Grupo mede pela 1ª vez contribuição das florestas secundárias para sequestro de carbono; dado sugere que meta do Brasil em Paris poderia ser bem mais ambiciosa se incluísse essa vegetação

Claudio Angelo ·
16 de maio de 2016 · 8 anos atrás
Capoeira em floresta seca de Minas Gerais. Foto: Maria D. M. Veloso
Capoeira em floresta seca de Minas Gerais. Foto: Maria D. M. Veloso

Capoeira, juquira, área degradada, área devoluta. O ecólogo Daniel Piotto não se conforma com os nomes populares dados às florestas que crescem novamente após o abandono de uma área desmatada. “É tudo pejorativo”, protesta.

Mas as humilhadas florestas secundárias ainda poderão rir por último, graças ao trabalho de um grupo internacional de dezenas de pesquisadores integrado por Piotto e outros brasileiros. O time produziu o primeiro mapa global dessas matas em regeneração na América Latina e calculou seu potencial de sequestro de carbono. Os números são impressionantes.

Do México ao Paraguai, as florestas tropicais em diversos estágios de regeneração cobrem 2,4 milhões de quilômetros quadrados, uma área superior à da Argentina. E, se fossem mantidas por 40 anos livres dos tratores e das motosserras, sequestrariam da atmosfera 31 bilhões de toneladas de gás carbônico – o equivalente a tudo o que a América Latina emitiu entre 1993 e 2014. Desse potencial, 71% está em um único país: o Brasil.

Piotto e seus colegas do consórcio SecondFor (contração em inglês de “Amantes da Floresta Secundária”), vêm se dedicando a entender o papel das áreas regeneradas para a biodiversidade e o ciclo de carbono – por tabela, para o clima. Em fevereiro eles já haviam publicado um estudo na revista Nature estimando pela primeira vez o potencial médio de sequestro de carbono de uma floresta secundária, 11 vezes maior do que o de uma floresta madura na Amazônia.

O novo estudo, publicado on-line nesta sexta-feira (13/5) no periódico Science Advances, traz agora o mapeamento de onde essas florestas estão e de sua resiliência, ou seja, os lugares onde uma área desmatada e abandonada volta a ser floresta mais rápido.

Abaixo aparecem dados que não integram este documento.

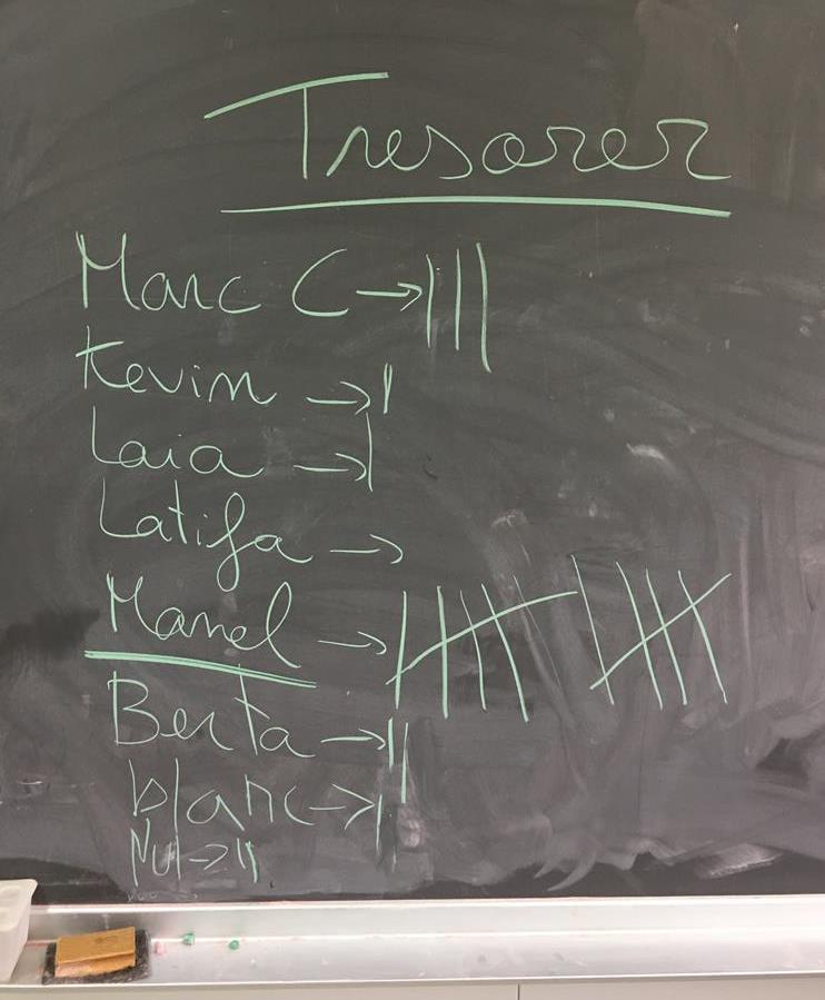 El dia 18 de novembre vam votar l’equip directiu. Vam decidir qui seria: el tresorer/a, el president/a, el sots-president/a, el secratari/a i el sots-secratari/a. Cada candidat va presentar el seu discurs per intentar convèncer la resta de socis. Al final d’estar votant durant una estona ens vam decidir i el càrrecs són els següents:

Segundo Piotto, o trabalho tem implicações diretas para as metas do Brasil no Acordo de Paris, inscritas na chamada INDC (Contribuição Nacionalmente Determinada Pretendida). Como não havia até agora estimativas do quanto essas florestas capturavam de carbono, elas não são incluídas nas provisões da INDC, segundo a qual o país se compromete a reduzir 37% de suas emissões em 2025 em relação aos níveis de 2005. O compromisso do país no setor de florestas se limita a zerar o desmatamento ilegal na Amazônia e restaurar ou reflorestar 120 mil quilômetros quadrados desmatados.

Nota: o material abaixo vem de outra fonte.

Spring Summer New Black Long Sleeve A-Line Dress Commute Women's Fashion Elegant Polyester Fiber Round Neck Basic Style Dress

“A meta é muito tímida”, diz Piotto, pesquisador da Universidade Federal do Sul da Bahia.

Segundo ele, o país poderia adotar um compromisso muito mais ousado de redução de emissões caso as florestas secundárias entrassem na conta, já que, essas sim, estão ativamente sequestrando carbono. “A gente concentra muito o nosso foco na restauração, e as pessoas têm a impressão de que é um processo ativo, de custo altíssimo”, afirma o cientista. “Mas, se a gente cuidar das florestas que estão se regenerando, com medidas simples a gente consegue adotar uma meta muito mais ambiciosa.”

A questão é que, para isso, seria preciso proteger as capoeiras, que hoje estão desguarnecidas em grande parte do Brasil.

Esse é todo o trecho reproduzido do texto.